The Journal takes aim at specific recommendations in the report as well — for example, it scoffs that one “‘regulatory gem’ would create ‘firewalls’ between candidates and outside groups,” which would create opportunities for regulatory harassment. This criticism reveals a clear misunderstanding of the report and the concept of firewalls in general. Firewalls are never mandated, but are optional, and are set up not between a candidate and a spender, but within an outside group or a consulting firm, so the firm’s separate parts could provide services to a candidate and an outside group without sharing information. Firewalls are generally supported by those who advocate for fewer spending restrictions, because they allow groups to serve both a candidate and a spender when they would otherwise be restricted to serving one. And we don’t have to “imagine” what would happen with firewalls — bipartisan FEC regulations already allow for them, as do several state laws.

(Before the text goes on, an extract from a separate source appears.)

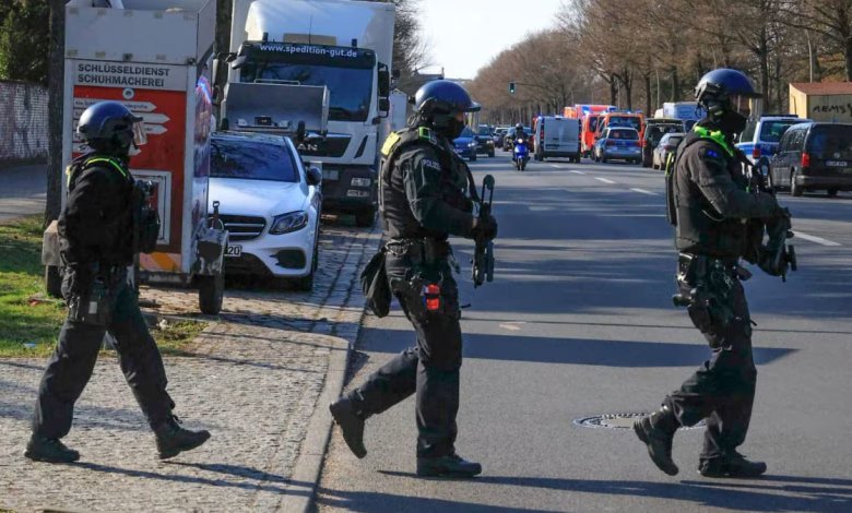 Der Einsatz dauert am späten Montagnachmittag noch an. Erst in der Nacht zum Montag war in Schöneberg ein Mann niedergeschossen worden, die Täter konnten flüchten.

Points of fact aside, it’s possible that even with a full understanding of the law, the Journal’s editors would still side with groups that oppose any limitations on political spending. Yet probably the most interesting argument in the editorial is that if outside spending were limited to $2,600 per contributor per election, it would “assault” freedom of association because “If like-minded people can’t pool resources to influence elections, they are essentially shut out of modern political debate.”   

The Brennan Center emphatically agrees with the Journal that too many people are shut out of the modern political debate. Of course, we think that a great majority of Americans are shut out because millionaires and corporations are able to spend unlimited amounts to support their favored candidates and policies — if all those groups were limited to $2,600 in spending per election, exorbitant spending would be reduced, small-dollar contributions would matter more, and average citizens wouldn’t feel powerless in the political system.

Further, we support any policy that will encourage small donors to associate and magnify their influence. Donors may currently give $5,000 per calendar year to political groups (or an unlimited amount, if the group doesn’t donate to candidates). While the Journal thinks that such caps shut people out of the debate, its concern is over a very small group of people: under any metric, well under one tenth of one percent of Americans contribute thousands of dollars for political spending. Considering that $5,000 is about ten percent of median family income in the U.S., that’s not very surprising. So using the Journal’s logic, one could argue this means more than 99.9% percent of all Americans are already “shut out of modern political debate.”

Instead of denigrating efforts to change our political system for the better, those who seek to give more people a voice in politics should work together. Enforcing rules requiring true independence from outside groups is one way to do that, but we should also seek to promote broad participation through programs like New York City’s public financing system that matches small-dollar donations and has succeeded in encouraging more citizens to participate. And any criticism of efforts to change the system should straightforwardly address both current law and the competing interests on both sides of the debate.